The grandmother of both the accused woman and the complainant told defence counsel, Dominic McGinn SC, that the girls never slept over together in her house as has been alleged.
A number of aunts and uncles of both the accused and the complainant gave evidence for the defence that the two girls were not particularly friendly when they were growing up.
Many of them agreed with prosecuting counsel that the allegations have been upsetting for the extended family.
The Dublin woman (20), who can’t be named for legal reasons, has pleaded not guilty at the Central Criminal Court to 11 counts of sexual assault and one count of section 4 rape of the girl in various addresses in Dublin on dates between July 2017 and July 2019.
In relation to the section 4 rape allegation, the accused is charged with penetrating the girl with a hairbrush.
The girl was aged between 10 and 11 at the time of the alleged offending, while the accused was aged between 12 and 14.
The prosecution alleges the abuse occurred when the girls had sleepovers in each other’s homes or, on one occasion, in the home of a mutual aunt.
The jury has been told that the alleged abuse started before the accused turned 12 years of age, when she is alleged to have been watching pornography on her tablet before asking her younger cousin to carry out sexual acts while they were staying in their grandmother’s house.

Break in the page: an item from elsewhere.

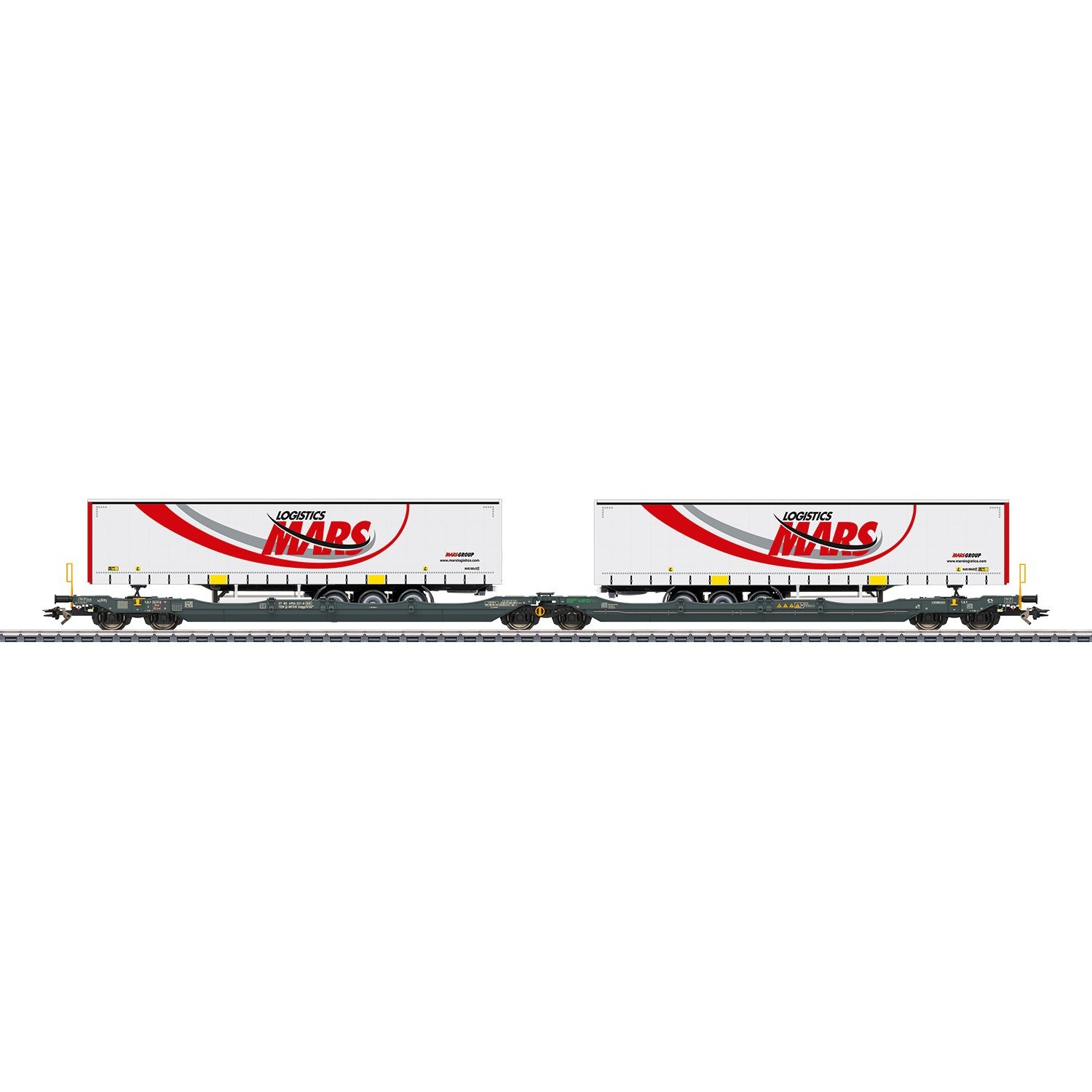 Vorbild: 6-achsiger Doppel-Taschenwagen mit Gelenk der Bauart Sdggmrss mit geschwungenen Seitenflächen der MFD Rail GmbH. Moderner Tragwagen für den kombinierten Ladungsverkehr. Granitgraue Grundfarbgebung. Ausführung mit vier seitlichen Klappriegeln. Betriebszustand ab 2021. Beladen mit zwei Gardinenplanen-Sattelaufliegern der Spedition Mars.

There are no charges pertaining to these allegations as the accused had not yet reached the age of responsibility.
Their grandmother told defence counsel today that while the accused woman stayed in her house on occasion, the younger girl only stayed on one occasion when a younger sibling was born.
She said the two girls did not sleep over together at any time.

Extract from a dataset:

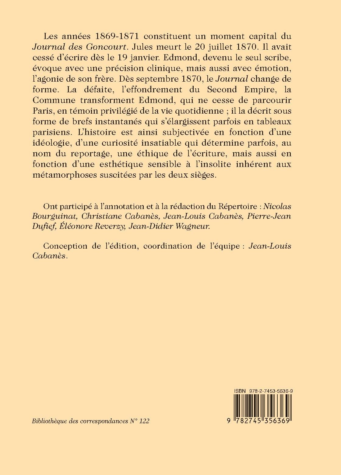 Les années 1869-1871 constituent un moment capital du Journal des Goncourt. Jules meurt le 20 juillet 1870. Il avait cessé d’écrire dès le 19 janvier. Edmond, devenu le seul scribe, évoque avec une précision clinique, mais aussi avec émotion, l’agonie de son frère. Dès septembre 1870, le Journal change de forme. La défaite, l’effondrement du Second Empire, la Commune transforment Edmond, qui ne cesse de parcourir Paris, en témoin privilégié de la vie quotidienne ; il la décrit sous forme de brefs instantanés qui s’élargissent parfois en tableaux parisiens. L’histoire est ainsi subjectivée en fonction d’une idéologie, d’une curiosité insatiable qui détermine parfois, au nom du reportage, une éthique de l’écriture, mais aussi en fonction d’une esthétique sensible à l’insolite inhérent aux métamorphoses suscitées par les deux sièges.

When asked by prosecution counsel, Anne Rowland SC, why she did not invite the younger girl to stay over, the woman said that when this child was a baby, her daughter-in-law had told her: “She’s my daughter, not yours.”
She said she did not invite her grand-daughter to stay over, but it was asked of her by the accused woman’s mother.
When asked by defence counsel if she would ever lie under oath in order to help her older grand-daughter, the woman said: “I do not lie and I am telling the truth.”
The accused took the stand last week and denied the allegations, telling the court: “None of it is true.”
She said she never had a sleepover with her cousin apart from one occasion in their aunt’s house, when the aunt stayed in the room with them.
This aunt also gave evidence yesterday and told the court that the only time the two girls had a sleepover was when there was another niece present.
She said she stayed in the room until the three girls were asleep, due to a faulty light.
She agreed with prosecuting counsel that when she first gave a statement to gardaí, she could not recall this sleepover.
The accused woman’s mother also gave evidence yesterday and told the court that the girls did not have sleepovers in each other’s homes.
She said they did not sleep over together in their grandmother’s.
She told the court that she was estranged from her brother – the complainant’s father – for a period of time, but that around the time of the complainant’s communion, she and her sister-in-law agreed the two girls should spend more time together.
She listed a couple of times she brought her niece to the cinema and McDonalds. She said these excursions did not include sleepovers.
When asked if the girls were friends, the mother said: “Not really, no.”
“They were such different kids,” she said. “(My daughter) is very soft and sweet. I’m not saying (the complainant) isn’t. They are very different.”
She said her daughter would “play with the little ones” at family gatherings while the complainant “sat with the adults”.
She said her daughter broke her ipad in 2011 and it was not replaced. When asked if she ever came across anything of a pornographic nature, she said: “No, certainly not.”
She told the court the accused woman had her first boyfriend in 2021.
The mother brought the court through a review of the relevant period in 2017 to 2019 which she had collated and in which she outlined where her daughter was every weekend.
The court heard the accused woman was extremely busy with her chosen sport almost every weekend and during the holidays.
The cousins’ mutual uncle also gave evidence for the defence. He is a brother to the accused’s mother and the complainant’s father.
He said he used to have a good relationship with his brother but that relations have since “broken down”. “He cut me off.”
He said the cousins were “like chalk and cheese” and “weren’t pals”. He said the complainant’s mother – his sister-in-law – would often “make swipes” at the accused woman and say things that were “very unnecessary for an adult to say about a child”.
When asked why he thought she did this, the uncle replied: “jealousy”.
“Would she make things up?” defence counsel asked, referring to the complainant’s mother. “I would believe so,” the uncle replied.
The uncle rejected a prosecution submission that his assertion that the complainant’s mother was jealous of the accused woman was “nonsense” and an attempt to discredit the child’s mother. “This evidence is not correct, a grown woman being jealous of a child,” Ms Rowland said.
“It’s how it is,” the uncle replied.
Four other family members of both the accused and the complainant also gave evidence for the defence.
The trial continues before Mr Justice Kerida Naidoo and a jury.